= PROMPT =
Please copy, exactly and with no pictures, only the lines from the one containing "Samsung Galaxy S24" through the last line of the records.

= SUPPLIED MATERIAL =
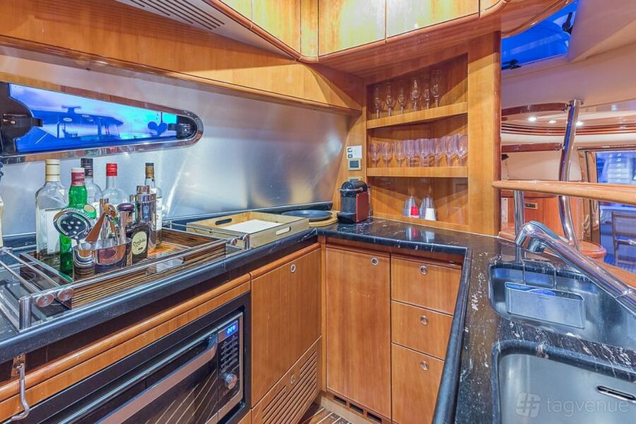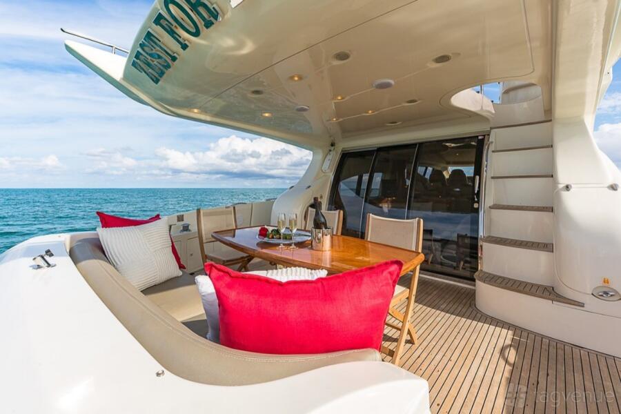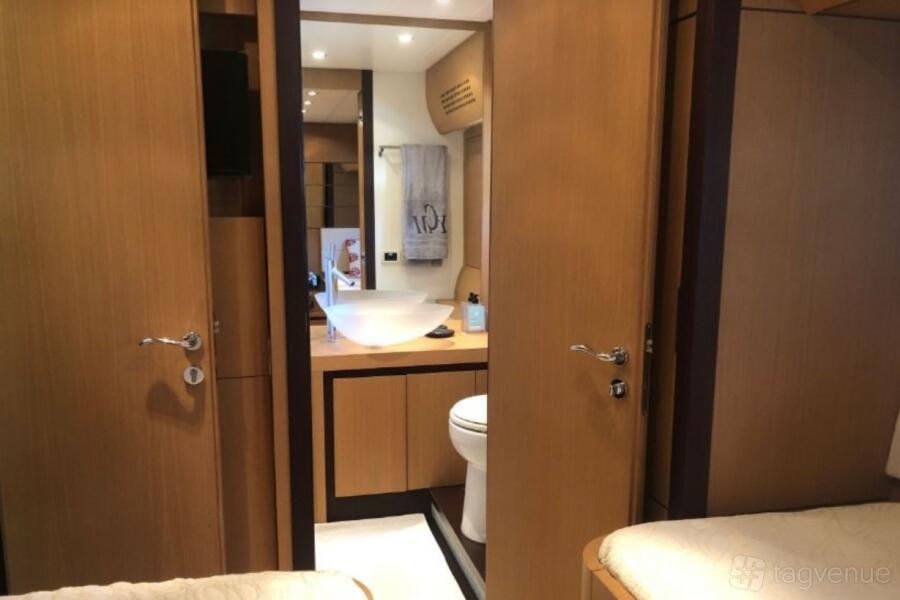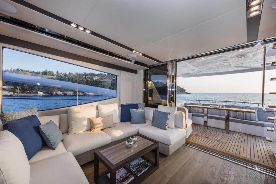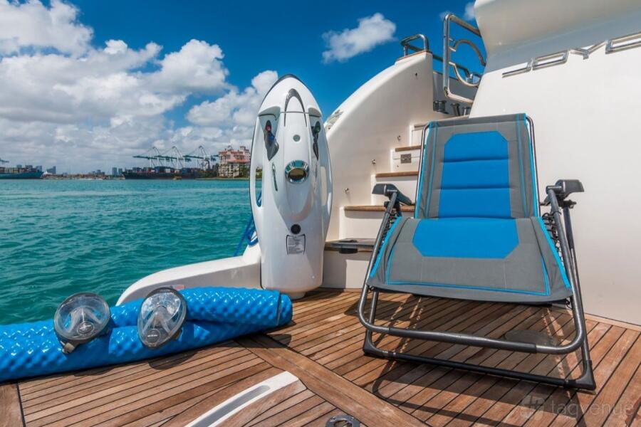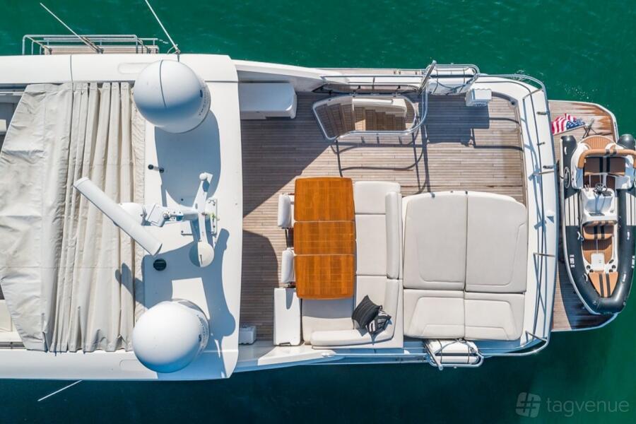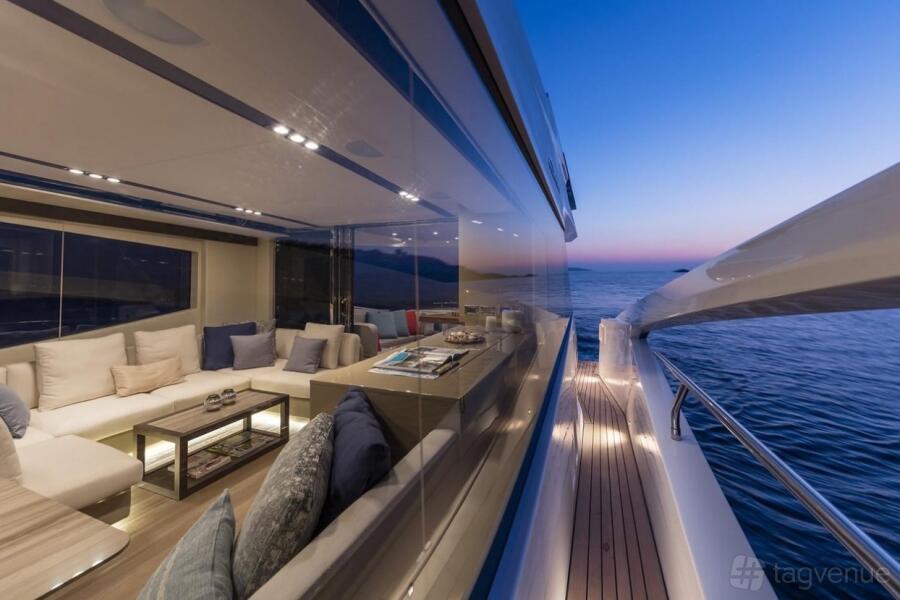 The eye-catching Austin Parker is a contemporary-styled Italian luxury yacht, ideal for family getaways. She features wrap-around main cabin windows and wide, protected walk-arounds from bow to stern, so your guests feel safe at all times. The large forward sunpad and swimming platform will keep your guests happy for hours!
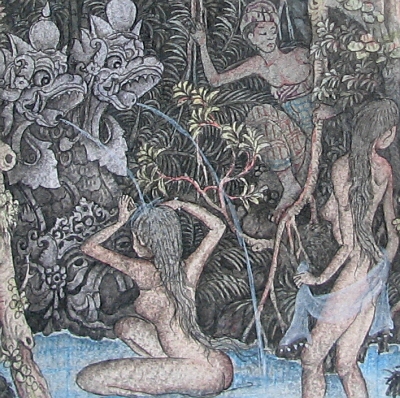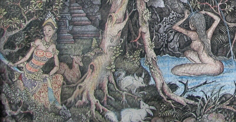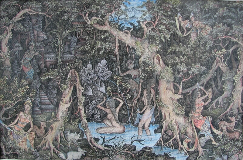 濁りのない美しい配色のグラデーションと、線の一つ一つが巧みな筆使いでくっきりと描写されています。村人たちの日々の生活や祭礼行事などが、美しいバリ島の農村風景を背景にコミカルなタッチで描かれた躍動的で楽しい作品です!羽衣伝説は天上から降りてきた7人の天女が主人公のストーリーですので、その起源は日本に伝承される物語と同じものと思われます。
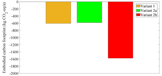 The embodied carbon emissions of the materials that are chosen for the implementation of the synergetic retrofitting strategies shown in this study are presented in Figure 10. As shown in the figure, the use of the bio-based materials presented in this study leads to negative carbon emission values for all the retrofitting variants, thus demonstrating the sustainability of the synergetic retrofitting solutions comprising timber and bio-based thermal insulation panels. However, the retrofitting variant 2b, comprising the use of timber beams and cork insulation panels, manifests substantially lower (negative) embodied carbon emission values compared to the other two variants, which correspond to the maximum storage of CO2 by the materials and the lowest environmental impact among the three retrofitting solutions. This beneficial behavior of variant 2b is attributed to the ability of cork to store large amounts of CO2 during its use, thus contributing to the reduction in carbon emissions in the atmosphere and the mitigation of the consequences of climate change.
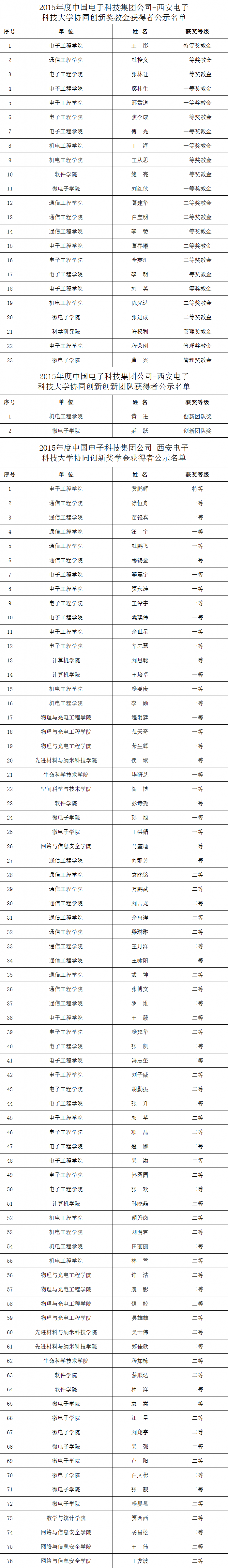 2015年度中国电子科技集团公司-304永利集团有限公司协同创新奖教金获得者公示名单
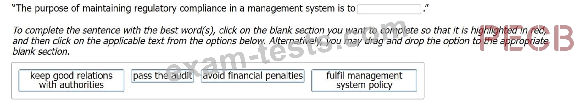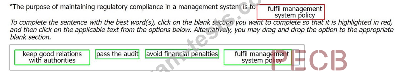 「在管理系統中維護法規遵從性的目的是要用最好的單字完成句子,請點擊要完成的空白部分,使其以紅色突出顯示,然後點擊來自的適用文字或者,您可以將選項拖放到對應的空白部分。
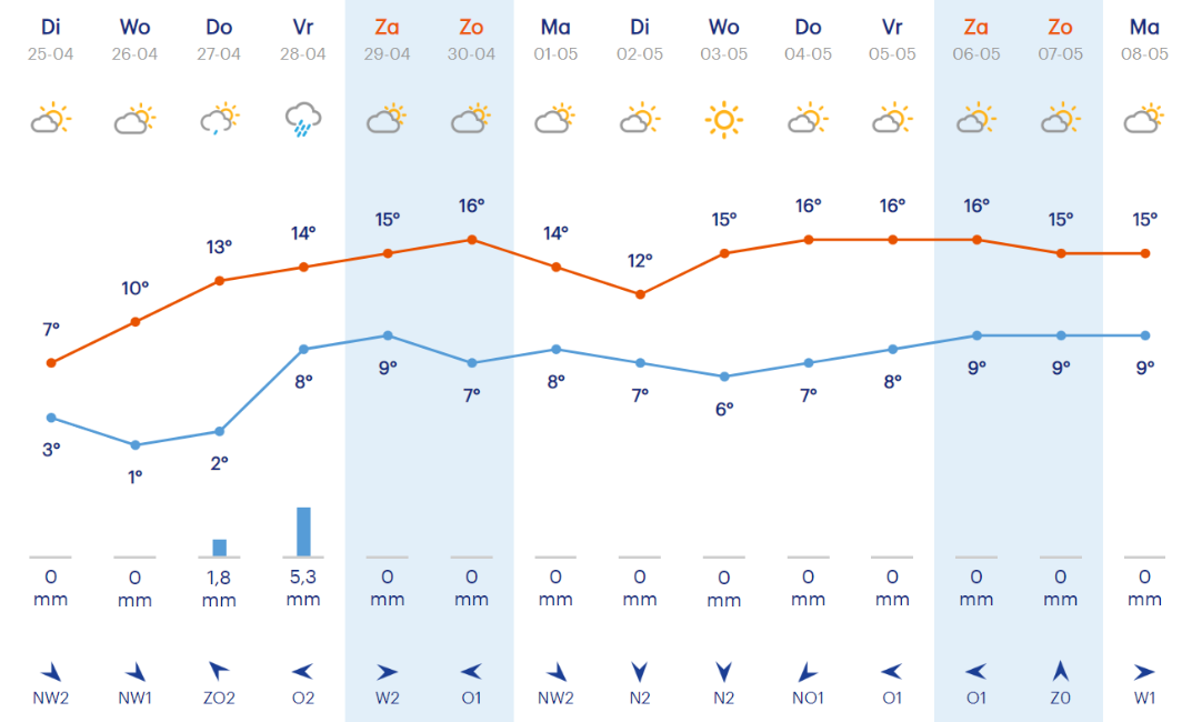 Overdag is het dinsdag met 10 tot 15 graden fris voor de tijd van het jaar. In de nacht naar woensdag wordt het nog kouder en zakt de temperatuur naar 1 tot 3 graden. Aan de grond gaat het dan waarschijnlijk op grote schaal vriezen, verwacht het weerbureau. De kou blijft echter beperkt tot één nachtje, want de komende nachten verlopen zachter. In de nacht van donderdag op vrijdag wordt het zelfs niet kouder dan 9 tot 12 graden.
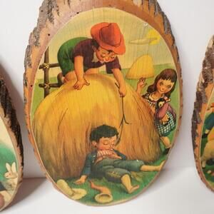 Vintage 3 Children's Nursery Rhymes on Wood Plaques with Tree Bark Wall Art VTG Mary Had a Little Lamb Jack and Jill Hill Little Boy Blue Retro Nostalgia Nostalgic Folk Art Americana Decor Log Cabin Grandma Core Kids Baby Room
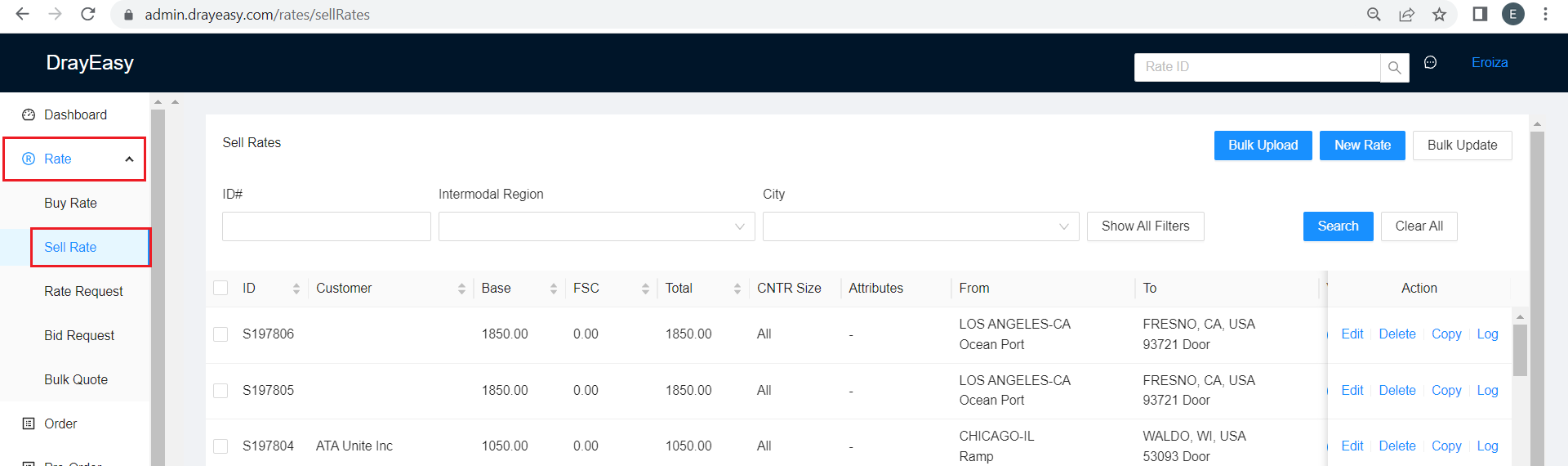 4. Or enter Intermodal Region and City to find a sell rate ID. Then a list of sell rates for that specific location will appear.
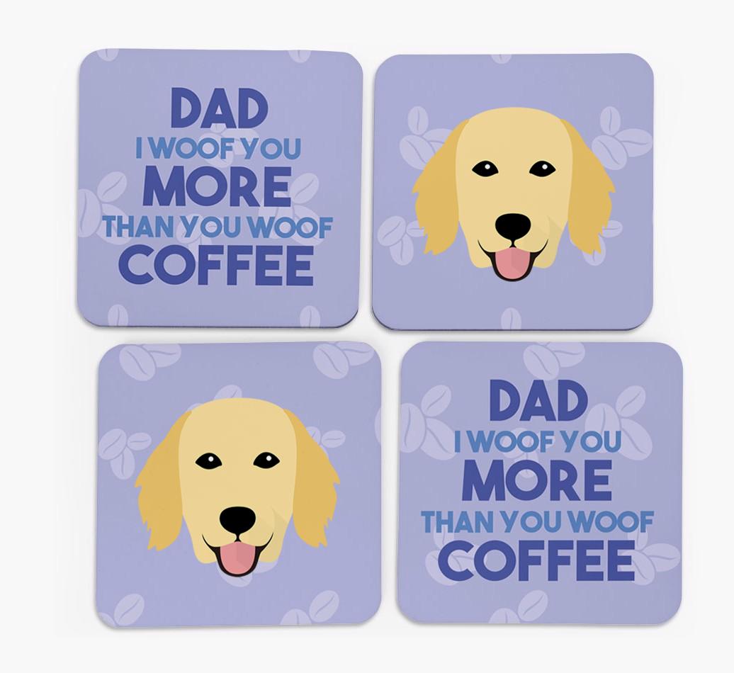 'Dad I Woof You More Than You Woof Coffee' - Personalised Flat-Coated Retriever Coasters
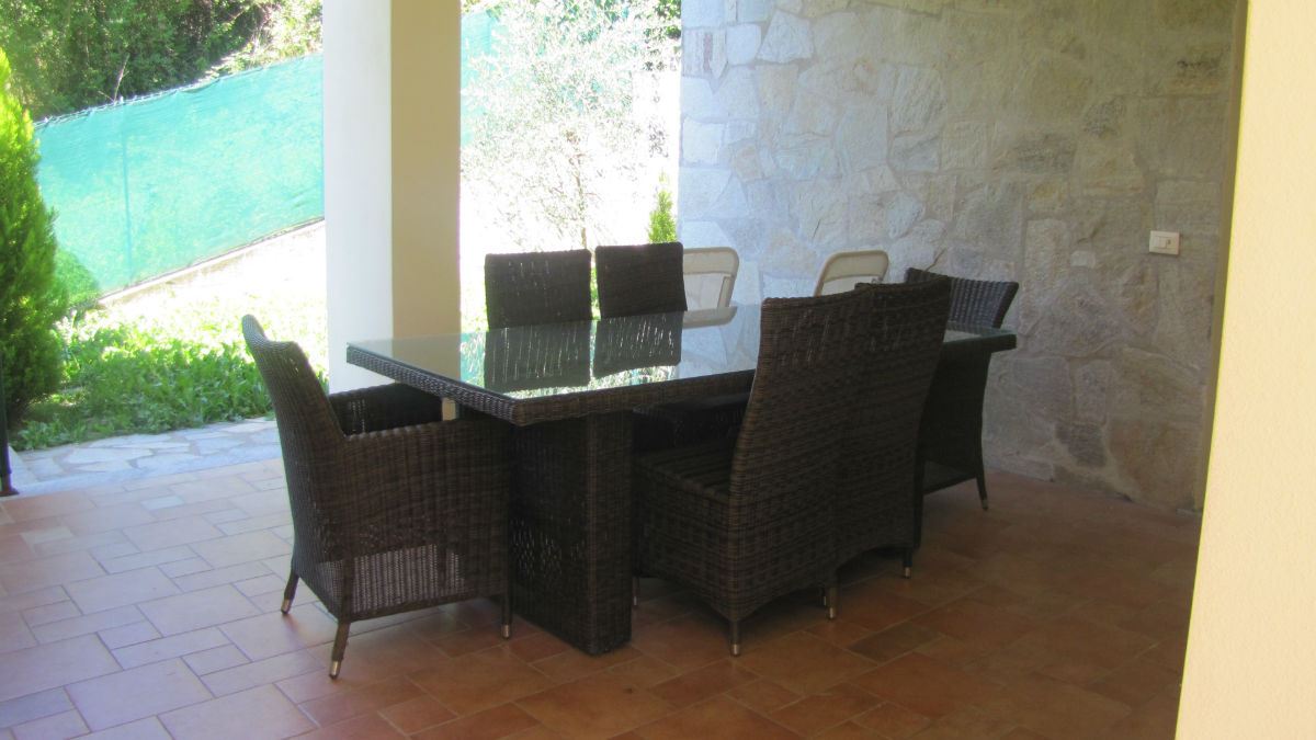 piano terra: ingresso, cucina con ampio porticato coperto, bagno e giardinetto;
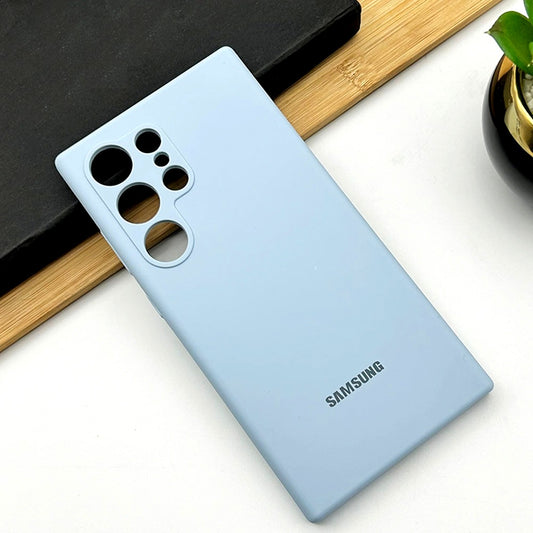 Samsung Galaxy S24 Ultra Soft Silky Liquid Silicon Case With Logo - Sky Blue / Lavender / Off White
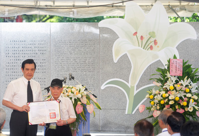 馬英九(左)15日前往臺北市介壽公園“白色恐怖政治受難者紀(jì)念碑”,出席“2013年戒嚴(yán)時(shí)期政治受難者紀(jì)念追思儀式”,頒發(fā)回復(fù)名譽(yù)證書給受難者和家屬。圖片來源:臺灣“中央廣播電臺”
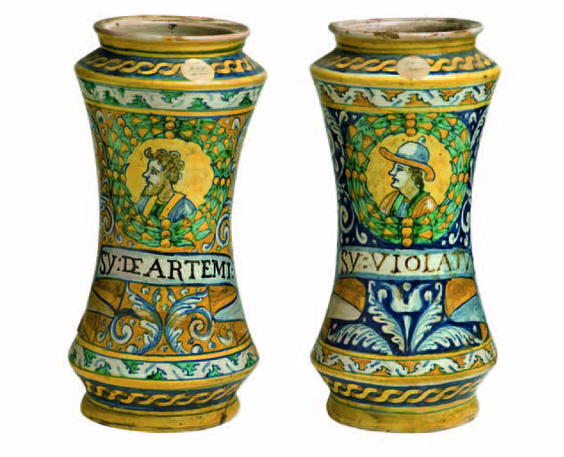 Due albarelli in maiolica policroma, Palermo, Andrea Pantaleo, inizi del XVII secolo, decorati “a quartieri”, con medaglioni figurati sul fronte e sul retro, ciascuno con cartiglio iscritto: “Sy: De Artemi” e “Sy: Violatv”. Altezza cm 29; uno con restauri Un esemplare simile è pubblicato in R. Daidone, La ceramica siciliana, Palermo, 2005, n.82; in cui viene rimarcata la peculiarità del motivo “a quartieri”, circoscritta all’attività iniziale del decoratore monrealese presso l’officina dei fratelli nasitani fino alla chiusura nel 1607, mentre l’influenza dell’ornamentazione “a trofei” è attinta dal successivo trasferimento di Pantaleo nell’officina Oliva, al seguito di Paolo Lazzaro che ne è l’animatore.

= WRITTEN SOLUTION =
 Samsung Galaxy S24 Ultra Soft Silky Liquid Silicon Case With Logo - Sky Blue / Lavender / Off White
 馬英九(左)15日前往臺北市介壽公園“白色恐怖政治受難者紀(jì)念碑”,出席“2013年戒嚴(yán)時(shí)期政治受難者紀(jì)念追思儀式”,頒發(fā)回復(fù)名譽(yù)證書給受難者和家屬。圖片來源:臺灣“中央廣播電臺”
 Due albarelli in maiolica policroma, Palermo, Andrea Pantaleo, inizi del XVII secolo, decorati “a quartieri”, con medaglioni figurati sul fronte e sul retro, ciascuno con cartiglio iscritto: “Sy: De Artemi” e “Sy: Violatv”. Altezza cm 29; uno con restauri Un esemplare simile è pubblicato in R. Daidone, La ceramica siciliana, Palermo, 2005, n.82; in cui viene rimarcata la peculiarità del motivo “a quartieri”, circoscritta all’attività iniziale del decoratore monrealese presso l’officina dei fratelli nasitani fino alla chiusura nel 1607, mentre l’influenza dell’ornamentazione “a trofei” è attinta dal successivo trasferimento di Pantaleo nell’officina Oliva, al seguito di Paolo Lazzaro che ne è l’animatore.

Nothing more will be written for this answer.